Russia is also shaping up nicely. Next year, a new Camry plant will open in St. Petersburg, while Lexus, Camry, and Corolla sales grew 37% in the first six months of this year, to 44,000 units. India, though, remains a work in progress. To date, Toyota has made few public statements on its growth plans for the country, which surpassed Russia as the 11th-biggest car market in the 12 months through March this year.

FLEXIBLE PLATFORM. However in May, the Nihon Keizai, Japan's leading business newspaper, reported that Toyota is planning a one-liter global car by 2010 that will cost around $7,500 and be developed alongside Daihatsu, Toyota's mini-car subsidiary. The paper noted that the car is being planned with the Indian market in mind but would later be sold in Central and South America as well as Central and Eastern Europe.
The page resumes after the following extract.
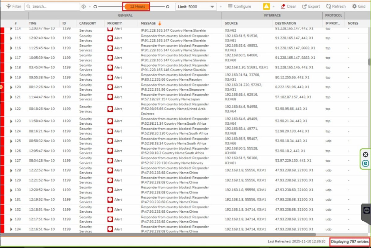 Gracias al filtrado GEO IP, solo se permite el tráfico procedente de la Unión Europea, Reino Unido y Estados Unidos, lo que garantiza que ningún intento de acceso externo pueda comprometer la confidencialidad de los datos.

Toyota currently builds and manufacturers a number of pickups and midsize vehicles, called Innovative International Multi-purpose Vehicles (IMV), just for emerging markets, selling 410,000 last year. However, the low-cost car would be a smaller and cheaper complement and, say analysts, very flexible. "The new platform is likely to be suitable for gasoline, diesel, and maybe hybrids," says Nomura's Sugimoto.

HELP WANTED. One concern: that scarce resources may put a brake on growth in emerging markets. For one thing, Toyota's U.S. expansion is far from over. A brand-new $850 million factory opening next fall in San Antonio that will eventually churn out 200,000 Tundra pickups a year. In 2007, Toyota will begin using Fuji Heavy Industries' Subaru plant in Indiana to build Camrys, and in 2008 Canada will be capable of building an additional 100,000.

Meanwhile, a shortage of engineers could also slow things down. "Lack of human resources and engineers is a big issue," says Deutsche's Mochimaru. "I'm concerned that the growth of Toyota's emerging business may be slightly delayed." Still, given the investment opportunities brought about by annual earnings exceeding $12.5 billion, it's hard to see Toyota lagging behind for long.